I picked up this pattern from the launchbadge/realworld-axum-sqlx reference implementation, which documents it as a deliberate design choice. It’s a small detail, but it prevents a whole category of subtle auth bugs where a client sends a malformed token and silently gets anonymous behavior instead of a clear error.

Issuing tokens

Now let’s look at the other side of the coin: how we actually create these tokens.
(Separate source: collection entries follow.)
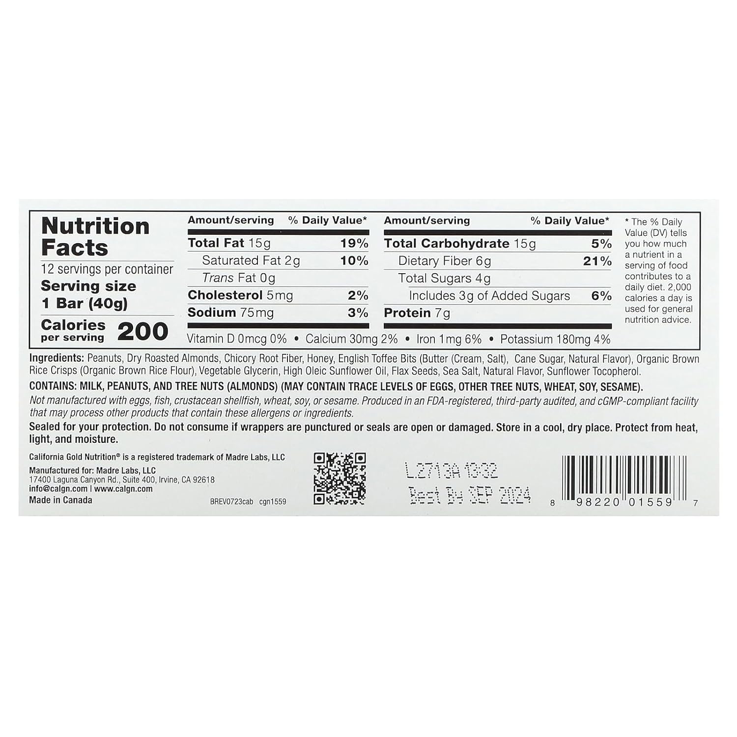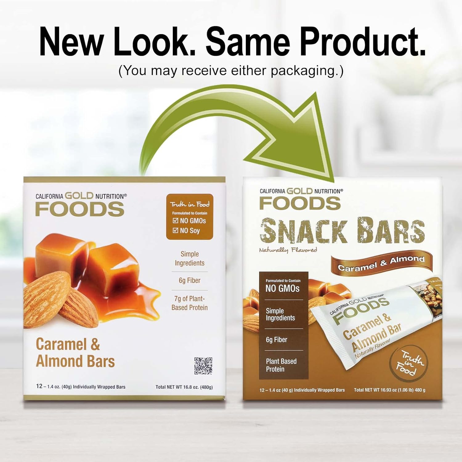 DESCRIPTION : FOODS - Caramel Almond Bars, 12 Bars, 1.4 oz (40 g) Each, California Gold Nutrition
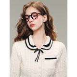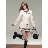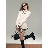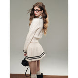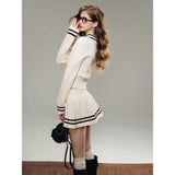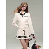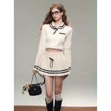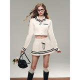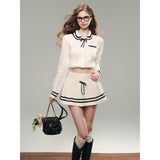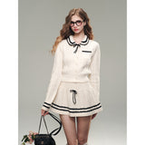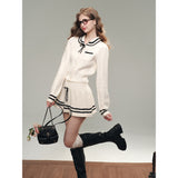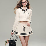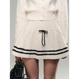 洗練されたカレッジスタイル。オフホワイトを基調とした細かなケーブル編みが印象的なショート丈のニットカーディガンとショートスカート。ブラックのラインが施され、全体にメリハリを与えています。ガーリーかつクラシカルな雰囲気を醸し出し、上品で可愛らしい印象を与えます。
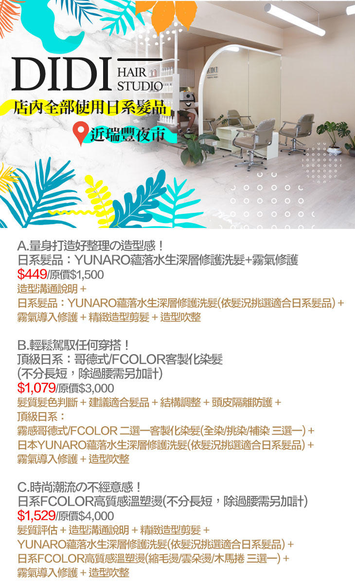 A.量身打造好整理の造型感!日系髮品:YUNARO蘊落水生深層修護洗髮+霧氣修護 / B.輕鬆駕馭任何穿搭!頂級日系:哥德式/Fcolor客製化染髮(不分長短,除過腰需另加計) / C.時尚潮流の不經意感!日系Fcolor高質感溫塑燙(不分長短,除過腰需另加計)

The login endpoint validates credentials and issues a JWT:

#![allow(unused)]
fn main() {
use jsonwebtoken::{encode, EncodingKey, Header};

async fn login(
    State(state): State<AppState>,
    Json(credentials): Json<LoginDto>,
) -> AppResult<Json<TokenResponse>> {
    let user = state.user_service
        .authenticate(&credentials.email, &credentials.password)
        .await?
        .ok_or(AppError::Unauthorized)?;

    let now = chrono::Utc::now();
    let claims = Claims {
        sub: *user.id().as_uuid(),
        email: user.email().as_str().to_string(),
        role: user.role().clone(),
        iss: "myapp".to_string(),
        aud: "myapp-api".to_string(),
        iat: now.timestamp() as usize,
        // Short-lived access tokens limit damage if compromised.
        // For longer sessions, implement a refresh token mechanism.
        exp: (now + chrono::TimeDelta::try_minutes(15).expect("valid duration"))
            .timestamp() as usize,
    };

    let token = encode(
        &Header::default(),
        &claims,
        &EncodingKey::from_secret(
            state.config.jwt_secret.expose_secret().as_bytes()
        ),
    )
    .map_err(|e| AppError::Internal(e.into()))?;

    Ok(Json(TokenResponse { token }))
}
}

There are a few production considerations here that are easy to overlook.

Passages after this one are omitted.